Let’s set the target variable as factor, being the first level the one of the positive class.

LoanDefaults <- LoanDefaults %>%
  mutate(default = factor(default, levels = c("1", "0")))

We use initial_split to generate train and test sets. Here it is important that both sets have the same proportion of positives, so we use strata = "default".

set.seed(1313)
split <- initial_split(LoanDefaults, prop = 0.9, strata = "default")

The preprocessing of features is established with a recipe. The features transformations of this recipe are:

  • Removing the ID variable.
  • Create a payment_status variable equal to 0 if PAY_0 is zero or negative and 1 otherwise.
  • Removing variables PAY_0 to PAY_6.
  • Transform SEX into a factor with descriptive labels.
  • Setting to NA values of MARRIAGE and EDUCATION do not considered in the dataset description, and transform them into factors with descriptive labels.
  • Imputing NA values of MARRIAGE and EDUCATION using k nearest neighbors.
recipe <- training(split) %>%
  recipe(default ~ .) %>%
  step_rm(ID) %>%
  step_mutate(payment_status = ifelse(PAY_0 < 1, 0, PAY_0)) %>%
  step_rm(PAY_0:PAY_6) %>%
  step_num2factor(SEX, levels = c("male", "female")) %>%
  step_mutate(MARRIAGE = ifelse(!MARRIAGE %in% 1:3, NA, MARRIAGE)) %>%
  step_mutate(EDUCATION = ifelse(!EDUCATION %in% 1:4, NA, EDUCATION)) %>%
  step_num2factor(MARRIAGE, levels = c("marriage", "single", "others")) %>% 
  step_num2factor(EDUCATION, levels = c("graduate", "university", "high_school", "others")) %>%
  step_impute_knn(all_predictors(), neighbors = 3)

Now I can obtain train and test sets using the recipe.

train <- recipe %>% prep() %>% juice()
test <- recipe %>% prep() %>% bake(new_data = testing(split))

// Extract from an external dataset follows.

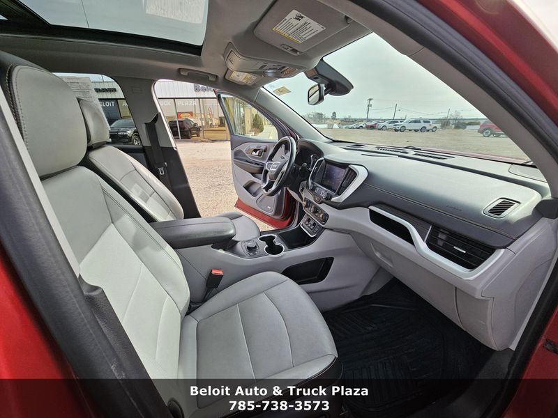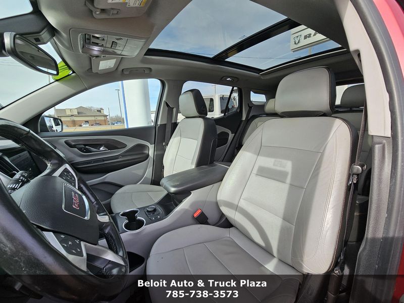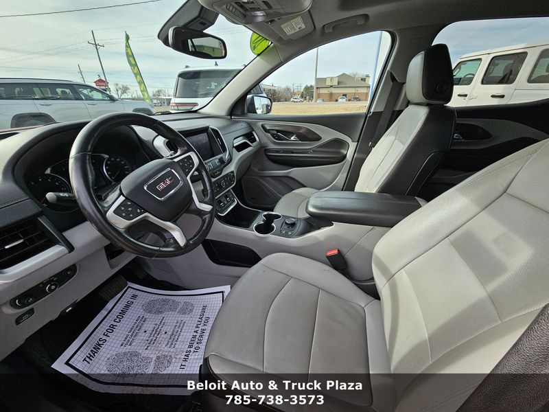Only 57,279 Miles! Scores 30 Highway MPG and 26 City MPG! This GMC Terrain boasts a Turbocharged Gas/E15 I4 1.5L/92 engine powering this Automatic transmission. WHEELS, 19 X 7.5 (48.3 CM X 19.1 CM) MACHINED ALUMINUM with Gray painted accents, UNIVERSAL HOME REMOTE includes garage door opener, 3-channel programmable, TRANSMISSION, 9-SPEED AUTOMATIC 9T45, ELECTRONICALLY-CONTROLLED WITH OVERDRIVE (STD).*This GMC Terrain Comes Equipped with These Options *TIRES, P235/50R19 ALL-SEASON BLACKWALL, TIRE, SPARE, T135/70R16 BLACKWALL (STD), SUNROOF, SKYSCAPE POWER WITH POWER SUNSCREEN, STEERING WHEEL, HEATED, SLT PREFERRED EQUIPMENT GROUP Includes Standard Equipment, SEATS, FRONT BUCKET (STD), RADIO, HD, ENGINE, 1.5L TURBO DOHC 4-CYLINDER, SIDI, VVT (170 hp [127.0 kW] @ 5600 rpm, 203 lb-ft of torque [275.0 N-m] @ 2000 - 4000 rpm) (STD), AXLE, 3.47 FINAL DRIVE RATIO, Windows, power with rear Express-Down.* Visit Us Today *Treat yourself- stop by Beloit Auto and Truck Plaza located at 3133 US Hwy 24, Beloit, KS 67420 to make this car yours today!

Predicting with decision trees

To have a benchmark for random forest performance, I am training a decision tree using rpart with a value small enough of cp.

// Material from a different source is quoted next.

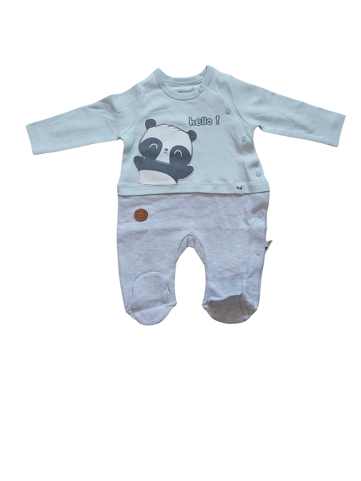 Fijn boxpakje van zachte organic katoen in licht turquoise met grijs met een printje van een panda beer en de tekst Hello.

dt <- rpart(default ~ . , train, cp = 0.001)
rpart.plot(dt)

Predicting with random forests

The training of random forests is performed with the ranger function. Its main arguments are:

  • a formula specifying the target and predictors.
  • the dataset to train the model.
  • num.trees, the number of trees to train.
  • mtry, the number of variables to possibly split at in each node. I am using the default, equal to the rounded down square root of the number of variables.
  • importance, the variable importance mode.
rf <- ranger(default ~ ., train, 
             num.trees = 50, 
             importance = "impurity")

Here is some information of the resulting model:

rf
## Ranger result
## 
## Call:
##  ranger(default ~ ., train, num.trees = 50, importance = "impurity") 
## 
## Type:                             Classification 
## Number of trees:                  50 
## Sample size:                      26999 
## Number of independent variables:  18 
## Mtry:                             4 
## Target node size:                 1 
## Variable importance mode:         impurity 
## Splitrule:                        gini 
## OOB prediction error:             18.69 %

Prediction of train and test sets

Let’s store in a pred_train data frame the actual value of the target variable in the train set, together with the prediction with decision tress dt and the prediction of random forests rf for the train set.

pred_train <- tibble(value = train$default, 
                  dt = predict(dt, train, type = "class"),
                  rf =  predict(rf, train)$predictions)

The confusion matrix for decision tree:

pred_train %>%
  conf_mat(truth = value, estimate = dt)
##           Truth
## Prediction     1     0
##          1  2248   984
##          0  3724 20043

The confusion matrix for the random forest:

pred_train %>%
  conf_mat(truth = value, estimate = rf)
##           Truth
## Prediction     1     0
##          1  5818    18
##          0   154 21009

Let’s obtain the predictions on the test set…

pred_test <- tibble(value = factor(test$default), 
                  dt = predict(dt, test, type = "class"),
                  rf = predict(rf, test)$predictions)

… and examine the confusion matrix.

pred_test %>%
  conf_mat(truth = value, estimate = dt)
##           Truth
## Prediction    1    0
##          1  234  131
##          0  430 2206
pred_test %>%
  conf_mat(truth = value, estimate = rf)
##           Truth
## Prediction    1    0
##          1  236  119
##          0  428 2218

We can see that there is some overfitting to the train set. Let’s compute accuracy, sensitivity and specificity for the two measures and sets. As we obtain a tidy data frame of measures for each combination, we can merge them and present it in a single plot.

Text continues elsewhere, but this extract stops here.